Une aile populaire d’abord, qui se construit avec des lotissements, autour des campagnes. C’est pour résumer la France des Gilets Jaunes, sans véritable identité urbaine, qui s’est d’ailleurs retrouvée sur des ronds-points plutôt que sur des places municipales. Cette France là était d’ailleurs jusqu’à la crise COVID comme en fin de course symbolique. D’une certaine manière, la crise du COVID l’a remise en course et valorisée.

L’autre aile, ce sont des villes « résidence secondaire », qui sont souvent des villes avec des mémoires, des patrimoines et des identités fortes, qui prospèrent aujourd’hui grâce au télétravail et au train.

Dans ce paysage, leboncoin, qui, en plus d’être un modèle numérique et écologique est aussi un modèle hyper local, correspond bien aux attentes actuelles. Le modèle hyper local n’est pas le modèle communal au sens de ce qui est proche de moi uniquement géographiquement; c’est un modèle de lien.

Auparavant le lien sur le territoire passait par le religieux – l’Église notamment – puis par le Politique – les fêtes nationales, mais aussi les quartiers qui étaient investis par les partis politiques comme le parti communiste. Aujourd’hui le lien passe par les lieux de sociabilité, de valeurs communes, pensons par exemple à l’importance de la chasse et de la pêche, des loisirs, des vacances.

leboncoin joue ici un rôle de création de liens mais à travers des produits qui intéressent. Les utilisateurs tissent du lien à travers des objets d’intérêt commun.

leboncoin est ainsi un des lieux du lien. La plateforme offre à la fois cette dimension d’occasion, d’hyperlocal, de construction de liens mais en même temps d'ouverture. En d’autres termes, on n’est pas seulement sur le local, sur de l’intra-communautaire, le site est aussi la promesse d’une ouverture plus large.
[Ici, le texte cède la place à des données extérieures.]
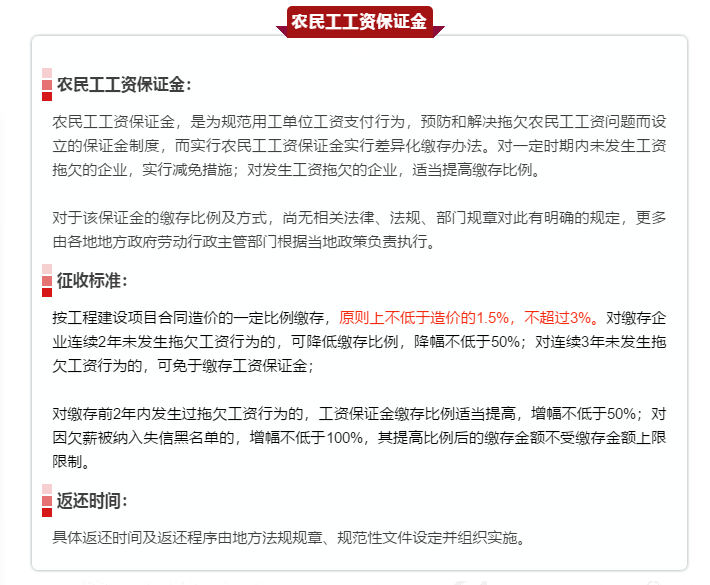? 除保留依法依規設立的農民工工資、投標、履約、工程質量4項保證金外,其他保證金一律取消。已收取的要于當年底前退還。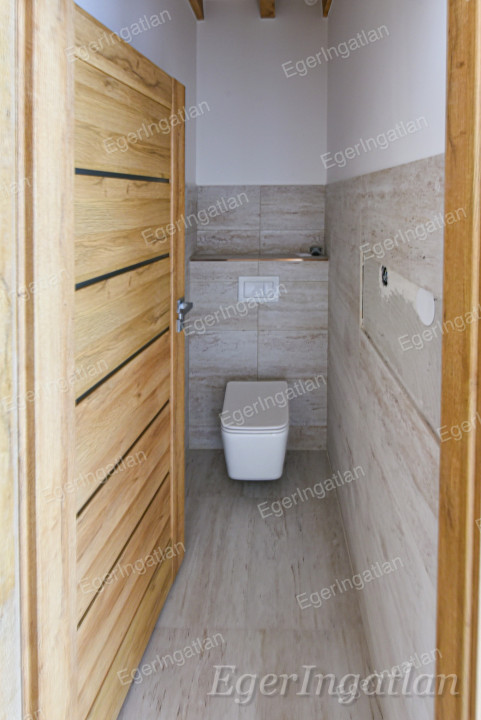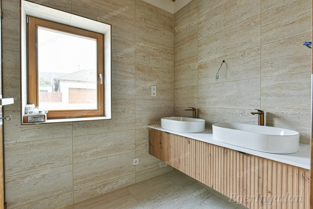 • Fürdő: épített zuhany (90×120 cm), dupla mosdó, WC: rejtett tartályos

C’est un peu l’idée d’universel tel que le définissait Michel Torga c’est-à-dire « le local moins les murs ».

Nous sommes dans une société du lien

Comment interprétez-vous le succès de la consommation d’occasion ?

Jean Viard :

Dans la société du lien, le fait d’incorporer de l’humain, de l’histoire, ou de l’usage dans un objet est un « plus ». La société industrielle est évidemment une société du neuf. Dans la société du lien, l’objet neuf par excellence c’est l’outil technologique : le téléphone, l’ordinateur ou la tablette. Mais une fois cela acquis, ce que les gens souhaitent c’est plutôt de l’authentique et non plus du neuf.